I make a lunge for the door. She blocks me and pulls my sweatband down over my eyes. Her forehead pushes against my chest. I laugh, move the band, and grip her shoulders to push her back enough to look into her eyes.
“Or what?” I ask with a raised eyebrow.
She just smiles at me and cocks her head. I back away from the metal door. I dive into molten mineshafts without a blink. But there are some warnings you can buck off and others you can’t.
She stands on her tiptoes and pecks me good on the nose. “Good boy; I knew you’d be easy to train,” she says. Then her nose wrinkles because she smells my burn. She doesn’t coddle me, doesn’t berate me, doesn’t even speak except to say, “I love you,” with just the hint of worry in her voice.
She picks the melted pieces of my frysuit out of the wound, which stretches from my knuckles to my wrist, and pulls tight a webwrap with antibiotic and nervenucleic.
“Where’d you get that?” I ask.
“If I don’t lecture you, you don’t quiz me on what’s what.”
I kiss her on the nose and play with the thin band of woven hair around her ring finger. My hair wound with bits of silk makes her wedding band.
“I have a surprise for you tonight,” she tells me.
“And I have one for you,” I say, thinking of the Laurel. I put my sweatband on her head like a crown. She wrinkles her nose at its wetness.
“Oh, well, I actually have two for you, Darrow. Pity you didn’t think ahead. You might have gotten me a cube of sugar or a satin sheet or … maybe even coffee to go with the first gift.”
“Coffee!” I laugh. “What sort of Color did you think you married?”

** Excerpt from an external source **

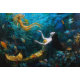 “Seraphina” – Beautiful Mystical Mermaid. Aquatic Dreamscape: In this serene surreal underwater setting, a beautiful mermaid with a highly decorated golden fishtail lies on the seabed, her flowing hair drifting in the current of a stunning blue sea. The surrounding sea creatures, including an inquisitive humanlike octopus and vibrant fish, add life to the scene. The Pre-Raphaelite style's subtle multi-coloured tones and intricate details make this a captivating and restful picture.

She sighs. “No benefits to a diver, none at all. Crazy, stubborn, rash …”
“Dexterous?” I say with a mischievous smile as I slide my hand up the side of her skirt.
“Reckon that has its advantages.” She smiles and swats my hand away like it’s a spider. “Now put these gloves on unless you want jabber from the women. Your mother’s already gone on ahead.”
3
THE LAUREL
We walk hand in hand wi
th the others from our township through the tunnelroads to the Common. Lune drones on above us on the HC, high above, as the Goldbrows (Aureate to be technic) ought to be. They show the horrors of a terrorist bomb killing a Red mining crew and an Orange technician group. The Sons of Ares are blamed. Their strange glyph of Ares, a cruel helmet with spiked sunbursts exploding from the crown, burns across the screen; blood drips from the spikes. Children are shown mangled. The Sons of Ares are called tribal murderers, called bringers of chaos. They are condemned. The Society’s Gray police and soldiers move rubble. Two soldiers of the Obsidian Color, colossal men and women nearly twice my size, are shown along with nimble Yellow doctors carrying several victims from the blast.
There are no Sons of Ares in Lykos. Their futile war does not touch us; yet again a reward is offered for information on Ares, the terrorist king. We have heard the broadcast a thousand times, and still it feels like fiction. The Sons think we are mistreated, so they blow things up. It is a pointless tantrum. Any damage they do delays the progress of making Mars ready for the other Colors. It hurts humanity.
In the tunnelroad, where boys compete to touch the ceiling, the people of the townships flow in merriment toward the Laureltide dance. We sing the Laureltide song as we go—a swooping melody of a man finding his bride in a field of gold. There’s laughter as the young boys try running along the walls or doing rows of flips, only to fall on their faces or be bested by a girl.
Lights are strung along the lengthy corridor. In the distance, drunk Uncle Narol, old now at thirty-five, plays his zither for the children who dance about our legs; even he cannot scowl forever. He wears the instrument suspended on shoulder straps so that it rests at his hips, with its plastic soundboard and its many taut metal strings facing up toward the ceiling. The right thumb strums the strings, except when the index finger drops down or when the thumb picks single strings, all while the left hand picks out the bass line string by string. It is maddeningly difficult to make the zither sound anything but mournful. Uncle Narol’s fingers are equal to the task, though mine only make tragic music.